The crypto scam entity lured investors by falsely claiming to invest their money in Bitcoin mining equipment, promising exorbitant returns.

Nigerian crypto scam entity Argo Coin has vanished with its customers’ funds
Image source: Freepik, Priscila Patricio | Design by Ifeoluwa Awowoye

Crypto scam entity Argo Coin, masqueraded as a Nigerian subsidiary of legitimate Bitcoin mining giant Argo Blockchain, has abruptly closed its operations, leaving customers’ funds stranded. 

The details 

  • A victim who spoke to Mariblock said he lost more than 600,000 naira to the scheme, having joined since May. 
  • He admitted that the platform paid out as promised initially, and he made several withdrawals in the months before the closure. He added that he had also brought several friends into Argo Coin Nigeria, going as far as paying for their registration. 
  • But the problems started when the company announced a “tax-free” withdrawal day slated for Oct. 16. On that day, users would be allowed to withdraw their earnings without paying the usual 20% withdrawal fee, the company had said. 
  • Many victims left their funds in the scheme and withdrew without charges on the “tax-free” day. 
  • Before the said date, the company intensified efforts to draw in more signups and investments, putting pressure on its existing clients to invite more people or risk being kicked out of the scheme. 
“They told us that it is mandatory to bring in more people.

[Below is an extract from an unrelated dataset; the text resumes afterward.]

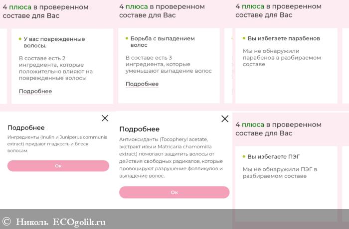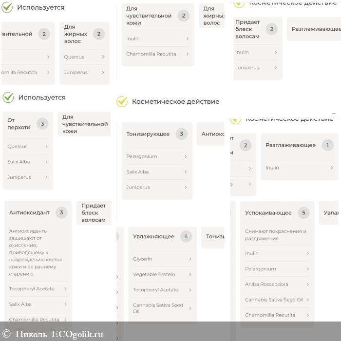 Сначала дано описание шампуня, в котором расписаны действия нескольких компонентов, входящих в его состав.
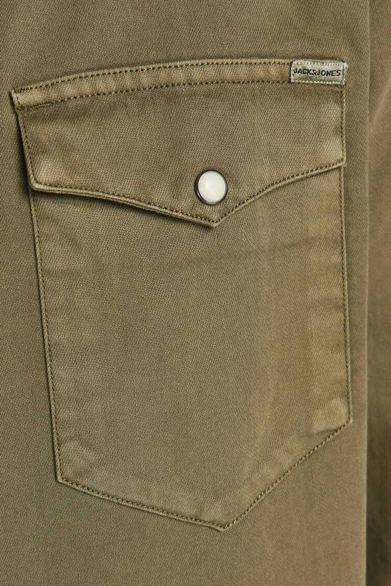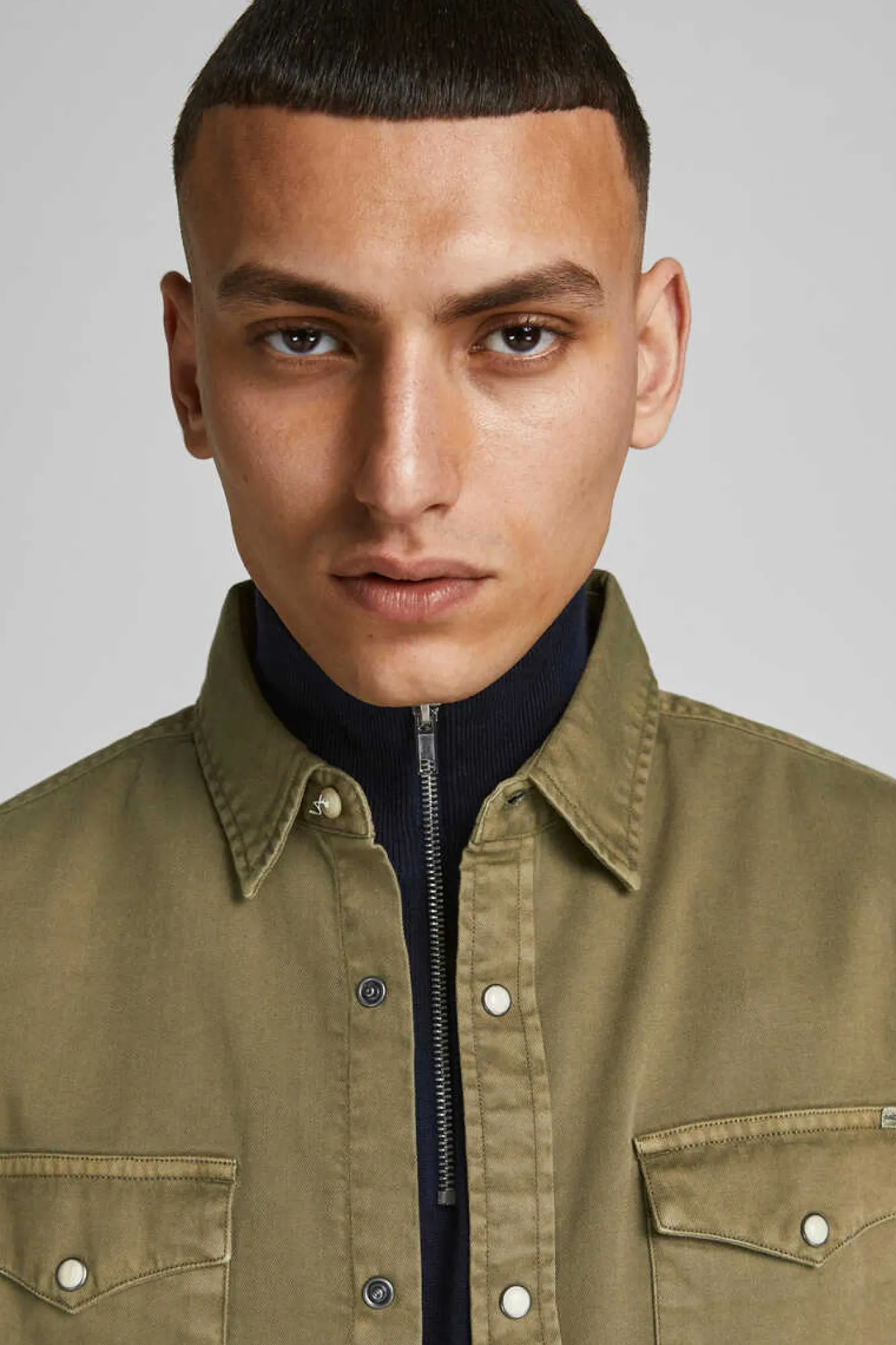 Sobrecamisa De Ganga De Manga Comprida, Bolsos No Peito E Fecho De Botoes.

If you cannot bring more people, they will block you automatically. Sometimes, I did not get people to sign up. I used my money to invest [on behalf of my friends] and register for them … they also said you had to buy machines [invest].” 
  • However, on Oct. 16, many victims reported that their withdrawal attempts failed and they could not access their money. Argo Coin’s mobile app and website also stopped working. 
  • Days later, the company returned and claimed it ran into some technical problems due to several withdrawal attempts. 
  • It introduced a new investment, asking its users to purchase “rebates” for $50 before accessing their existing funds. On the $50 investment, the company claimed its users would get a 500% return in five days. 
“They [introduced] rebates and asked us to buy for $50, and within five days, you will earn $250. A lot of people put money and bought it... Suddenly, the platform shut down.” 
  • Users fell for this and purchased the “rebates,” hoping to access their funds and earn even more, the victim told Mariblock. A few days later, the app stopped working altogether. 
  • On Oct. 22, a circular supposedly from the company surfaced on Facebook. Argo Coin claimed two of its managers, Dawson Verus and William Lide, were arrested by British authorities. 
  • It also announced a new website, “” and urged its clients to open the new website and deposit more money to access their old accounts and withdraw their money. 
  • Today, both the old and new websites are not functional, and victims are still asking questions.